JavaScript remains on the top position when it comes to the list of most popular programming languages among developers, with Python and Java after it.Â
These are the findings of SlashData’s State of the Developer Nation Q3 2020 survey, in which more than 17,000 developers from 159 countries participated.
The survey includes the most popular programming languages, what the developers of open-source software and the adoption of DevOps practices think, and the use of popular cloud technologies such as containers and orchestration tools.
JavaScript, which includes CoffeeScript and Microsoft’s TypeScript, has 12.4 million developers worldwide, a spike of 5 million new developers than it had in 2017.
SlashData ranked Python as the second-most-popular language. There are currently an estimated 9 million Python developers, about 800,000 more than there are Java developers worldwide. Despite its web and mobile weakness, Python has gained 2.2 million new developers in the last year — thanks to the take-off of technologies such as machine learning, data science, and Internet of Things apps. And, in general, to the rise of everything that does not have a user interface. At the same time, Java secured the third position in the ranking with 8.2 million active developers.

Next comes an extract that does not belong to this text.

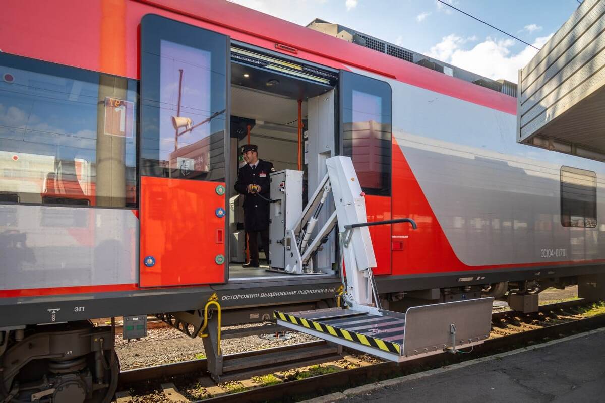Вагоны нового поезда оборудованы системами климат-контроля и видеонаблюдения. Остановки анонсируются на информационном табло. Возле каждого сидения имеется USB-розетка, а для пассажиров с малышами поезд оборудовали модулями с пеленальными столиками.

According to SlashData, C, C++, PHP, and C# ranked respective follow-up positions with developers numbering between 6 million and 6.3 million. Eighth and ninth on the list are respectively held by Kotlin, an Android development language backed by Google and with 2.8 million programmers: and Apple’s Swift, with 2.3 million. Go, Ruby, Objective C, Rust, and Lua are behind, with between 1.5 and 0.8 million developers. In total, according to SlashData, there are about 21.3 million active software developers in the world.
SlashData reports that about 60 percent of backend developers use containers, which makes this technology the most popular related to the cloud. The second most popular is the database as a service, which is used by 45 percent, from providers such as AWS, Oracle, IBM, Google, or MongoDB. Meanwhile, about 57 percent of backend developers who use a containerized orchestration application choose Kubernetes.
In terms of DevOps and its adoption, there are still 35 percent of developers who do not use their practices, compared to 40 percent who say they practice continuous integration (CI) and 37 percent who use deployment and continuous delivery (CD) — both being fundamental aspects of DevOps. . Additionally, SlashData recognizes that complete automation of the software release process is far from being a reality.